19 марта 1934 г. правительственный кабинет изучил доклад и совершенно серьезно задал вопрос, не следует ли считать основным потенциальным противником гитлеровскую Германию. Сэр Сэмюель Хоар, например, был с этим не согласен… В конечном итоге план перевооружения был отклонен как несвоевременный и слишком затратный, и было решено… передать вопрос на рассмотрение другой инстанции! Ею должен был стать министерский комитет (что звучало обнадеживающе), но только назывался он «Комитет по разоружению» (что оптимизма не вызывало). В комитет под председательством Рамсея Макдоналда вошли Стэнли Болдуин, Сэмюель Хоар, Невилл Чемберлен и представители трех родов войск. Снова был рассмотрен план Комитета по оборонным нуждам, но в силу наивысшего приоритета финансово-экономического возрождения (и личностей министров) в дискуссиях доминировал министр финансов Невилл Чемберлен. Несколько дней спустя он записал в дневнике: «Я предложил лично пересмотреть план с учетом соображений политического и экономического порядка. […] Я только что подготовил меморандум с новыми предложениями, нацеленными на снижение расходов за пятилетний период с 76 до 50 миллионов».
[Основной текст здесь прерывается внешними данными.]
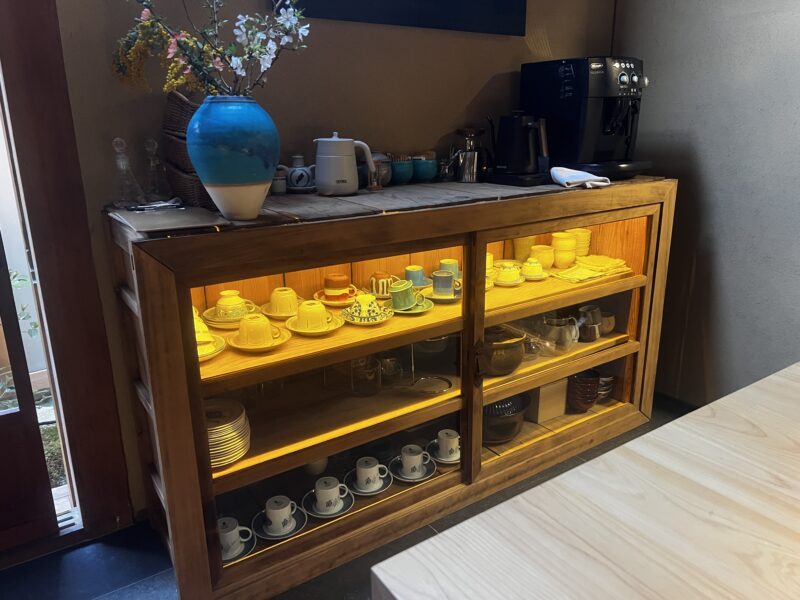 大きなテーブルの横にはカップ&ソーサーがが置かれた収納棚。照明でライティングされていて、いい雰囲気ですよね。
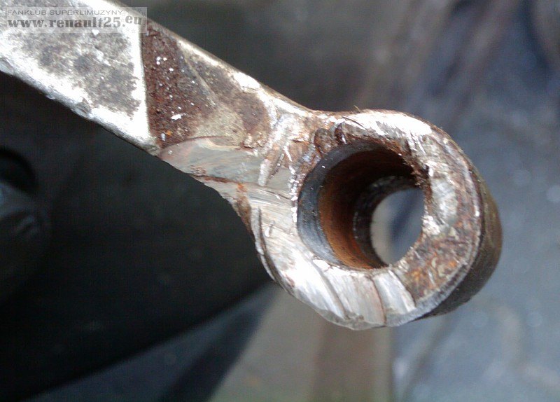 Przed przystąpieniem do wymiany musiałem zaopatrzyć się jeszcze w odpowiedni klucz oczkowy rozmiaru 16 w kształcie litery "C". Tylko taki klucz pozwala odkręcić drzwi bez zdejmowania zderzaka i błotnika :D. Do odkręcenia ogranicznika potrzebny jest nasadowy klucz 10.
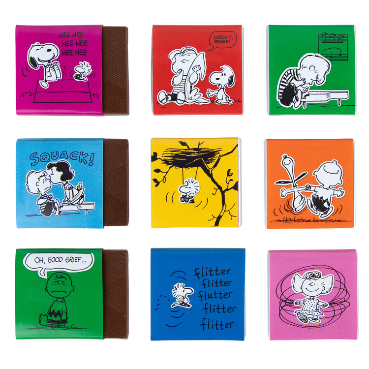 The Gang's All Here! Join the Peanuts® crew with our 9 Piece Chocolate Square Tiles with creamy and rich milk chocolate, with assorted wrapping! These squares are sure to put a smile on your face!
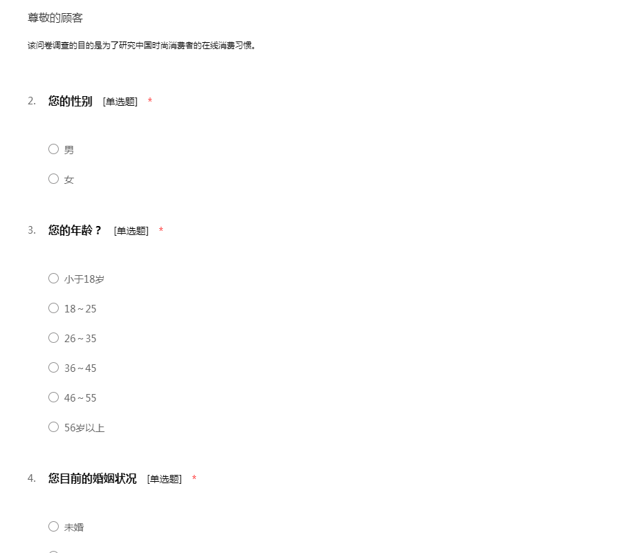 该问卷调查的目的是为了研究中国时尚消费者的在线消费习惯。
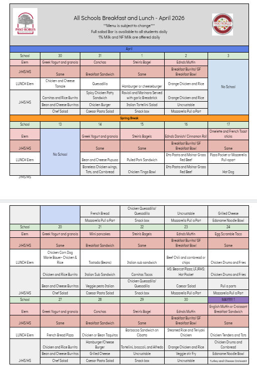 April Lunch Menu
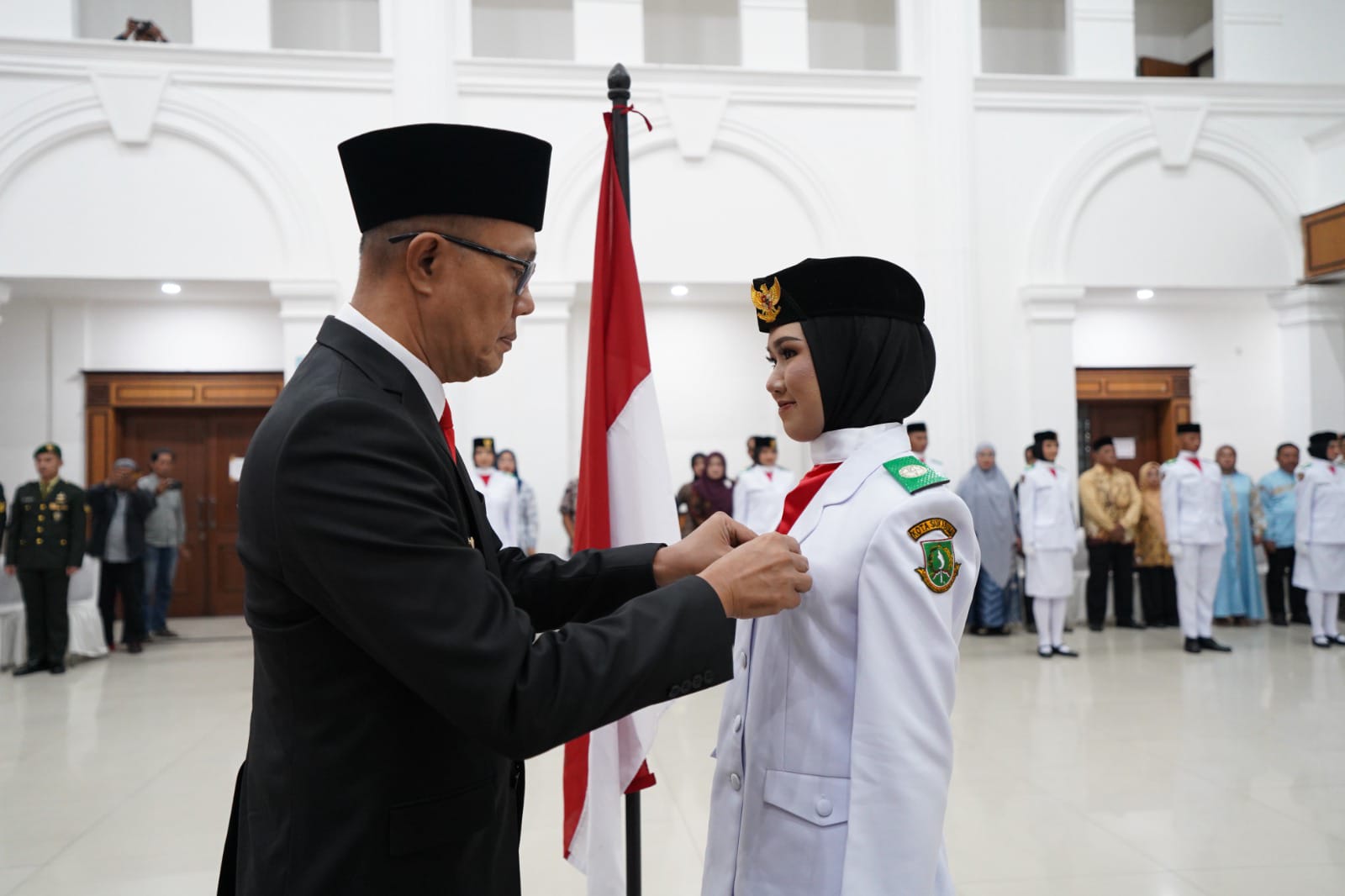 Wali Kota Sukabumi, H. Ayep Zaki, bertindak sebagai pembina upacara. Turut hadir Wakil Wali Kota Bobby Maulana, unsur Forkopimda, Ketua TP-PKK, DWP Kota Sukabumi, para kepala sekolah, Ketua PPI Kota Sukabumi, orang tua Capaska, serta tamu undangan lainnya.
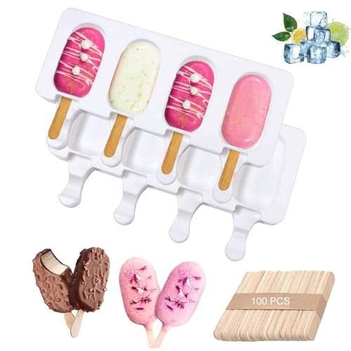 Glassformar silikonformar, pinnglassformar, 2 stycken 4 celler bakform glasspinne, BPA-fri tårta pinnglass bakform, 50 glasspinnar trä, kakform dessertform, glasform
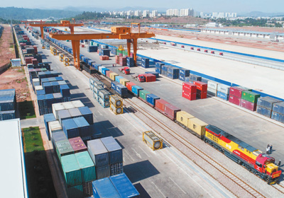 从云南昆明桃花村站驶向广西钦州港东站的中新互联互通南向通道班列,货物将在钦州港出境航运至新加坡。
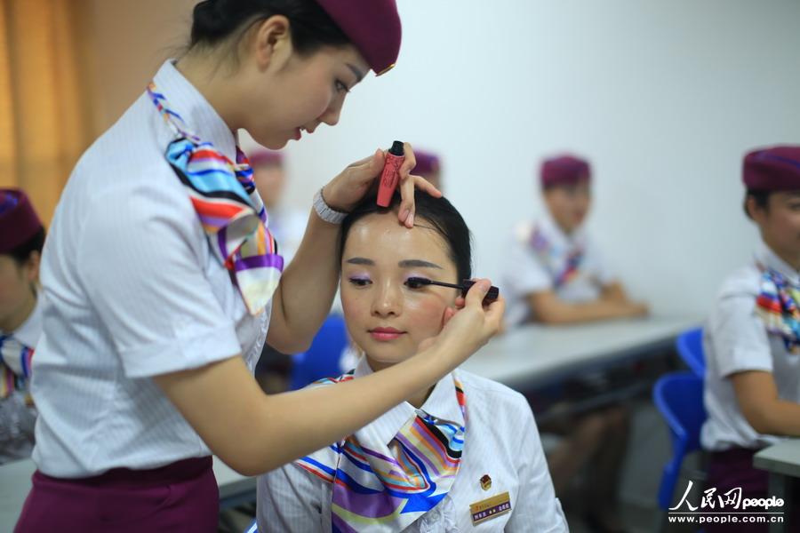 A group of stewardesses in Chongqing passenger service section of Chengdu Railway Bureau are in training on July 8, 2015. (Photo/people.cn)
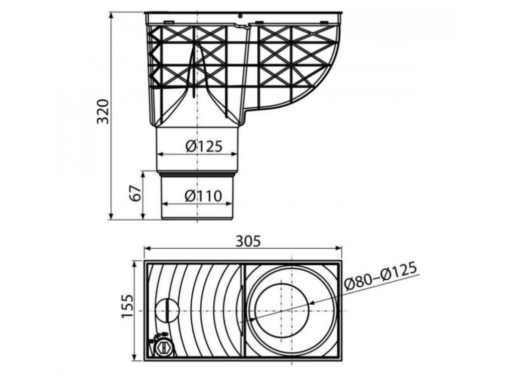 Univerzálny lapač strešných splavenín 300×155/125/110mm priamy - šedý
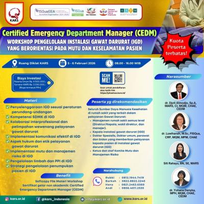 Workshop Pengelolaan Instalasi Gawat Darurat (IGD) yang Berorientasi Pada Mutu dan Keselamatan Pasien - Certified Emergency Department Manager (CEDM)
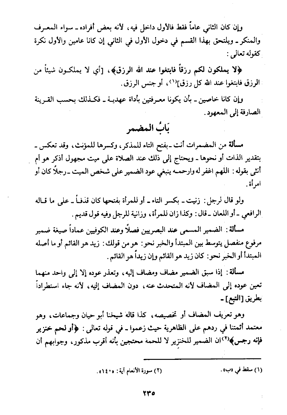 إذا سبق الضمير مضاف ومضاف إليه، وتعذر عوده إلا إلى واحد منهما تعين عوده إلى المضاف لأنه المتحدث عنه، دون المضاف إليه، لأنه جاء استطرادًا بطريق [التبع]-
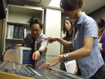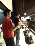 調光卓にパッチをして、フェーダーに1本1本明かりをいれる作業を説明してもらいます。
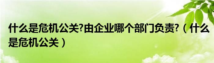 关于什么是危机公关?由企业哪个部门负责?,什么是危机公关这个很多人还不知道,今天菲菲来为大家解答以上的问题,现在让我们一起来看看吧!

Сокращение затрат было проведено за счет сухопутной армии – Золушки вооруженных сил. Из соображений экономии Чемберлен воспротивился формированию экспедиционного корпуса для действий на континенте и отложил модернизацию военного флота, зато авиация оказалась в относительно более привилегированном положении, поскольку комитет все же выделил на ее нужды двадцать миллионов фунтов. Теперь можно было сформировать сорок одну эскадрилью… что было каплей в море по сравнению с масштабным развертыванием авиачастей в Германии в то же время, тем более что средства выделялись на период в пять лет, предоставлялись частями по крохам и ни одно из ведомств не утруждало себя контролем фактических платежей! Военные составляли рапорты о тревожных прорехах в обороноспособности страны, дипломаты в еще большем количестве слали отчеты о стремительных темпах вооружения Германии и пагубных последствиях сбивчивого британского внешнеполитического курса – огромное количество документов, которые в правительстве никто не удосужился прочитать! Напротив, Министерство иностранных дел немедленно отзывало работников посольств, чьи донесения не нравились нацистам, как это было в случае британского вице-консула в Ганновере и посла Хораса Румбольда и его преемника Эрика Фиппса. Большинство военных и дипломатов в конце концов прекратили попытки достучаться до сознания своих начальников, но среди тех, кто не захотел отступиться, нашлись люди, вспомнившие об Уинстоне Черчилле…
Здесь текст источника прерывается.